What is needed – Please give back each entry below unaltered, leaving the pictures out.

———

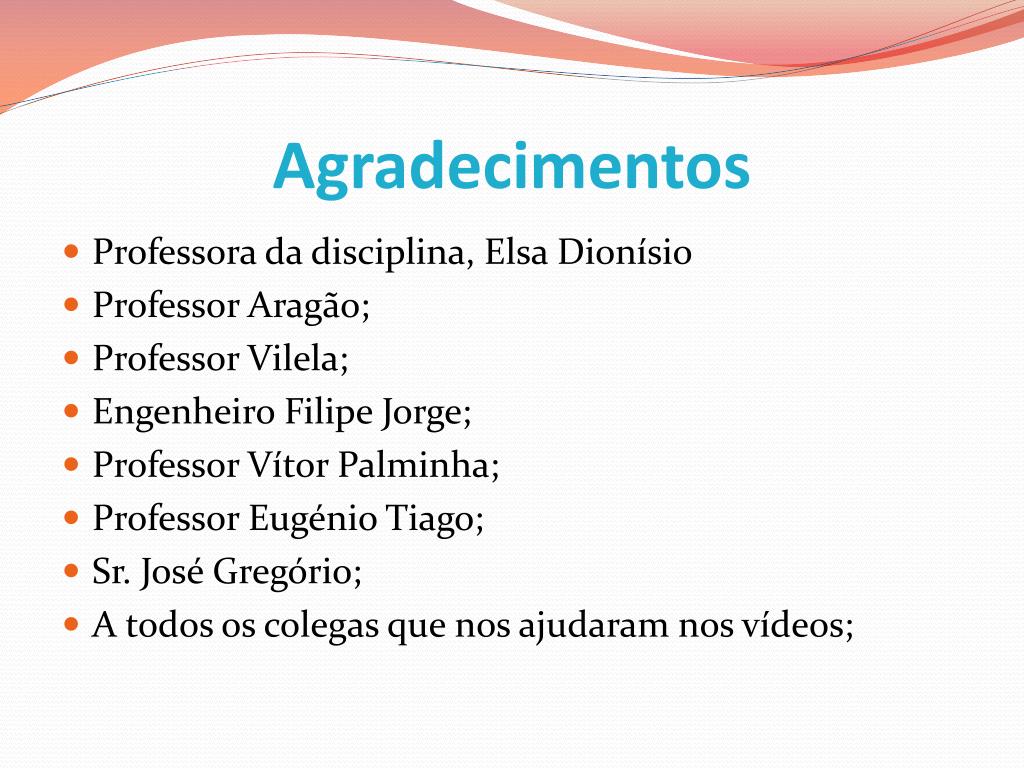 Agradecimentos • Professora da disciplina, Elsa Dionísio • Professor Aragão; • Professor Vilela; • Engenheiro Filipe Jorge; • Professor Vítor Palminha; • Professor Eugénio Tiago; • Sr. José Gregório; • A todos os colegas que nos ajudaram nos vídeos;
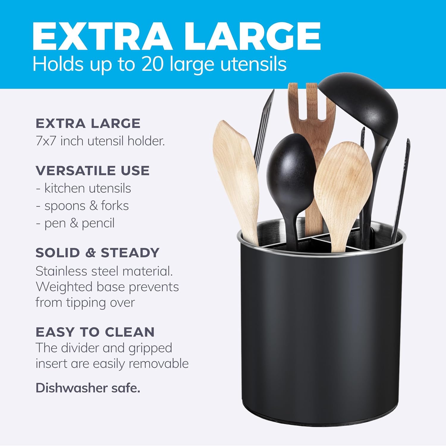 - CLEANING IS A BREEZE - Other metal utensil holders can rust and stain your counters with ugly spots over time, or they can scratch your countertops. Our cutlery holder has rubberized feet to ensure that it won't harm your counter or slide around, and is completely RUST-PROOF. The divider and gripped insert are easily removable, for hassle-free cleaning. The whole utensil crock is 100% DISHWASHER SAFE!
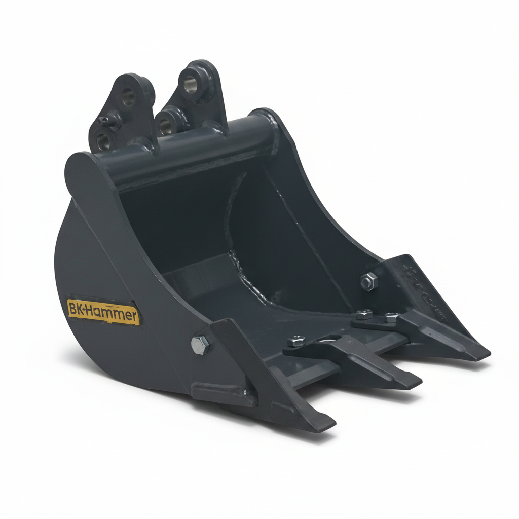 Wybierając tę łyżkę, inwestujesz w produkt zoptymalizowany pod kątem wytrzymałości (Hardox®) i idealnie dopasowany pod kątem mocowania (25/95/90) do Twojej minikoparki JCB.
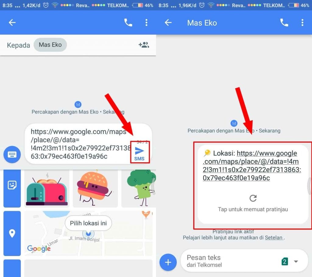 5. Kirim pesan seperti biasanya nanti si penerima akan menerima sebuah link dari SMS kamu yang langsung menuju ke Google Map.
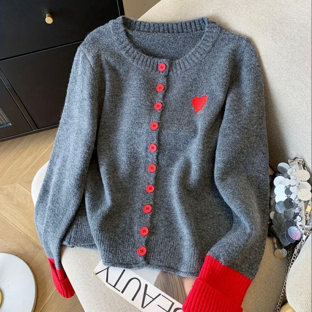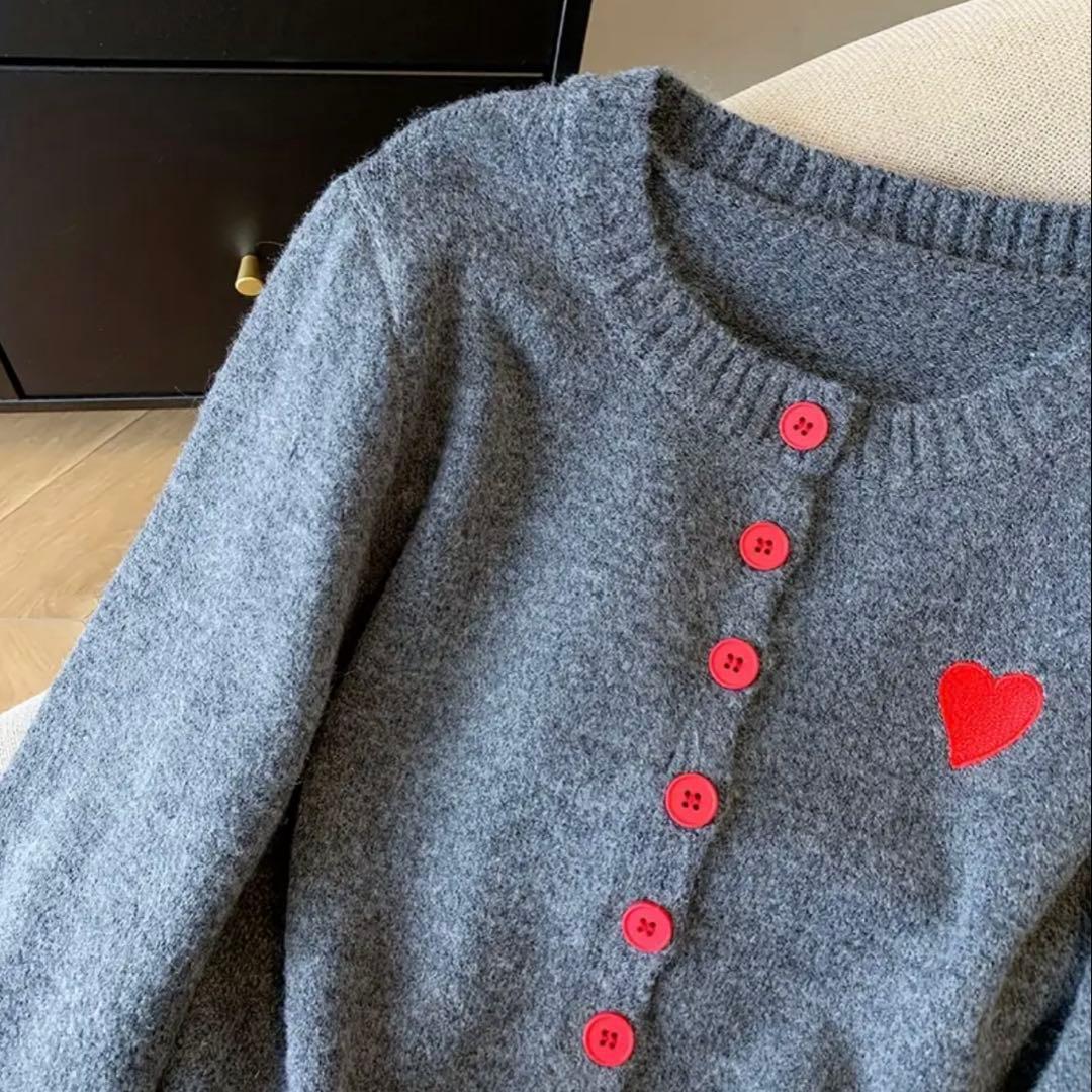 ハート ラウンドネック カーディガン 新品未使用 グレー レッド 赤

———

Written answer –
 Agradecimentos • Professora da disciplina, Elsa Dionísio • Professor Aragão; • Professor Vilela; • Engenheiro Filipe Jorge; • Professor Vítor Palminha; • Professor Eugénio Tiago; • Sr. José Gregório; • A todos os colegas que nos ajudaram nos vídeos;
 - CLEANING IS A BREEZE - Other metal utensil holders can rust and stain your counters with ugly spots over time, or they can scratch your countertops. Our cutlery holder has rubberized feet to ensure that it won't harm your counter or slide around, and is completely RUST-PROOF. The divider and gripped insert are easily removable, for hassle-free cleaning. The whole utensil crock is 100% DISHWASHER SAFE!
 Wybierając tę łyżkę, inwestujesz w produkt zoptymalizowany pod kątem wytrzymałości (Hardox®) i idealnie dopasowany pod kątem mocowania (25/95/90) do Twojej minikoparki JCB.
 5. Kirim pesan seperti biasanya nanti si penerima akan menerima sebuah link dari SMS kamu yang langsung menuju ke Google Map.
 ハート ラウンドネック カーディガン 新品未使用 グレー レッド 赤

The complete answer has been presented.